Grazie a oltre 100 volontari esperti, tra cui reclutatori, responsabili delle risorse umane e career coach, circa 500 rifugiati ucraini vengono aiutati a trovare un lavoro dignitoso in Polonia. L’ambizione di Mamo pracuj è fornire alle donne ucraine un supporto multiforme, dalla consulenza legale all’assistenza psicosociale. Ma l’organizzazione è solo una delle tante iniziative pubbliche e private nate per sostenere l’integrazione dei rifugiati ucraini in Polonia dall’inizio dell’invasione russa il 24 febbraio 2022.

Grazie alla loro vicinanza geografica e alle somiglianze culturali, per quasi un decennio (e in particolare dall’inizio della guerra russo-ucraina nel Donbas nel 2014), gli ucraini hanno costituito il gruppo più numeroso di lavoratori stranieri in Polonia. Sebbene sia difficile ottenere dati accurati, secondo varie fonti, tra 1,5 e 2 milioni di migranti ucraini erano già in Polonia prima della guerra , per lo più svolgendo lavori sottopagati in settori industrializzati come l’edilizia, i trasporti e l’agricoltura. Ma c’è stato un enorme cambiamento demografico.

Circa 150.000 lavoratori ucraini, la maggior parte dei quali uomini, hanno lasciato la Polonia da febbraio per unirsi allo sforzo bellico, mentre il governo polacco ha concesso a tutti gli ucraini in fuga dalla guerra il diritto di soggiorno temporaneo e il pieno accesso al mercato del lavoro .

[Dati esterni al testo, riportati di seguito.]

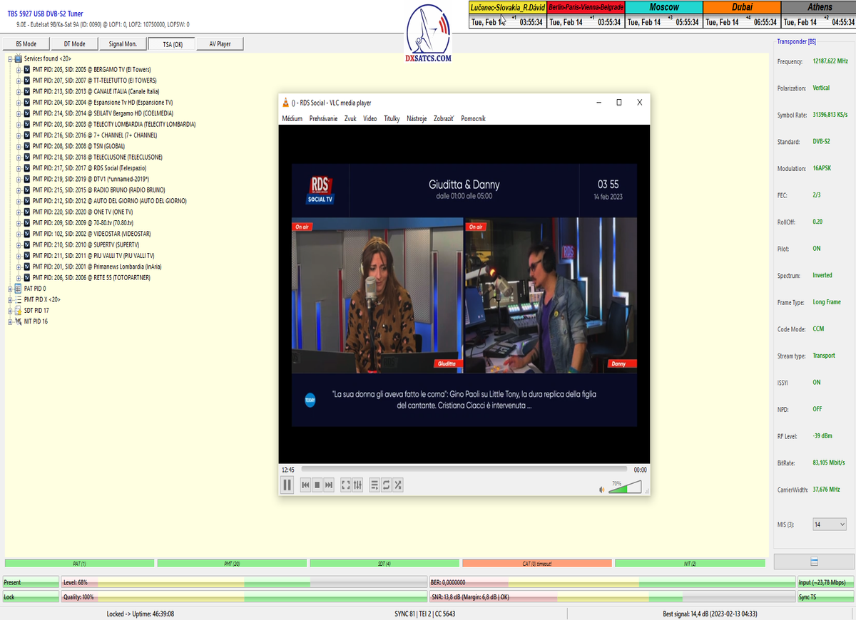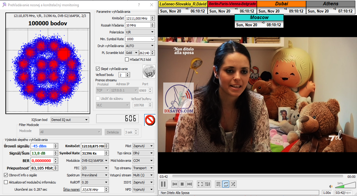 > PARAMETRE PRENOSU : DVB-S2 _ 16APSK _ SR=41 950 _ FEC=2/3 _ PLS Gold 262140 _ Multistream 12-13-17-23 <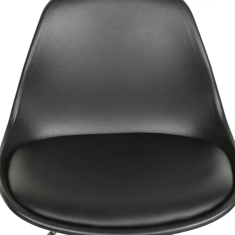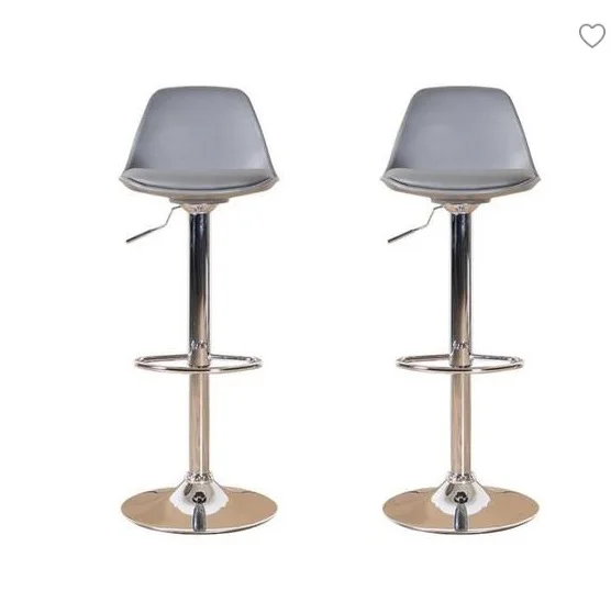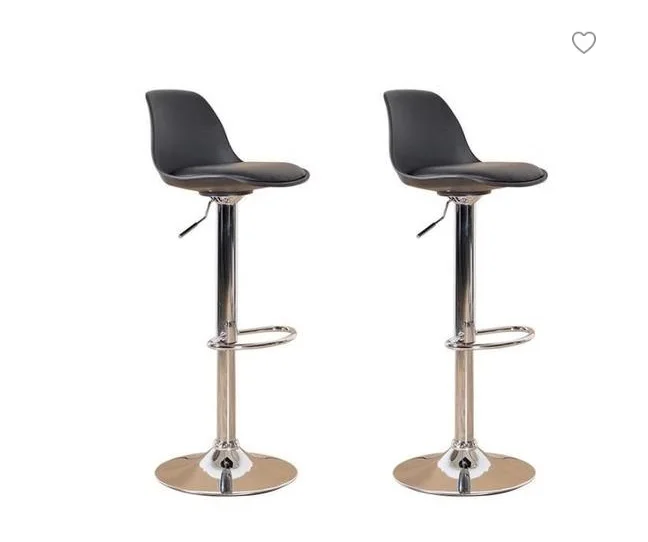 Пара черных барных стульев, хромированная металлическая структура, вращение на 360 градусов, регулируемая по высоте, наполненная высокоэластичной поролоновой губкой, плотность: 24 кг/м3, внешний слой из искусственной кожи (ПУ) материал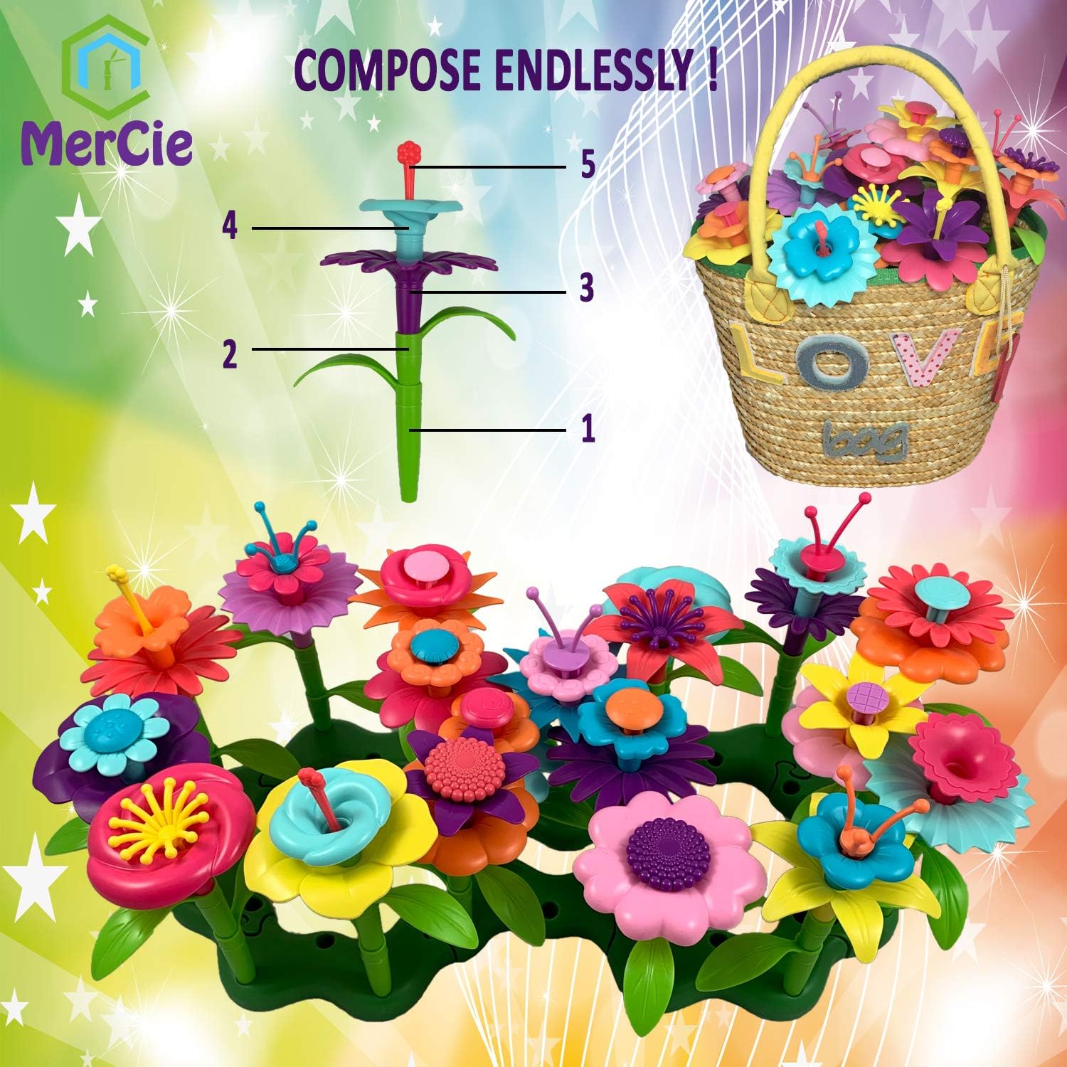 - 【98 STÜCKE】: leuchtende Farben für diese 8 Basen, 38 Stängel und Blätter, 34 Blüten und 18 Staubblätter. Lassen Sie sich nicht von Angeboten täuschen, die mehr Elemente enthalten, die nur nicht verwendete Stämme hinzufügen ...

Sebbene siano comunemente indicati come tali, la maggior parte degli ucraini in Polonia non sono ufficialmente rifugiati. Gli è stato concesso uno status speciale temporaneo, con pochissime domande di asilo poiché la maggior parte degli ucraini prevede di tornare a casa a un certo punto, se non l’ha già fatto . Secondo gli ultimi dati di [settembre].dal Ministero degli Affari Digitali, si stima che 1.346 milioni di persone dall’Ucraina abbiano richiesto un numero di identificazione polacco (PESEL); questo fornisce loro gli stessi vantaggi dei cittadini polacchi, compreso l’accesso all’assistenza sanitaria, l’istruzione pubblica gratuita e gli assegni mensili per i figli. La stragrande maggioranza di queste persone sono donne e bambini, poiché agli uomini ucraini di età compresa tra i 18 ei 60 anni è vietato lasciare il paese, ma ciò ha portato a notevoli disallineamenti nel mercato del lavoro.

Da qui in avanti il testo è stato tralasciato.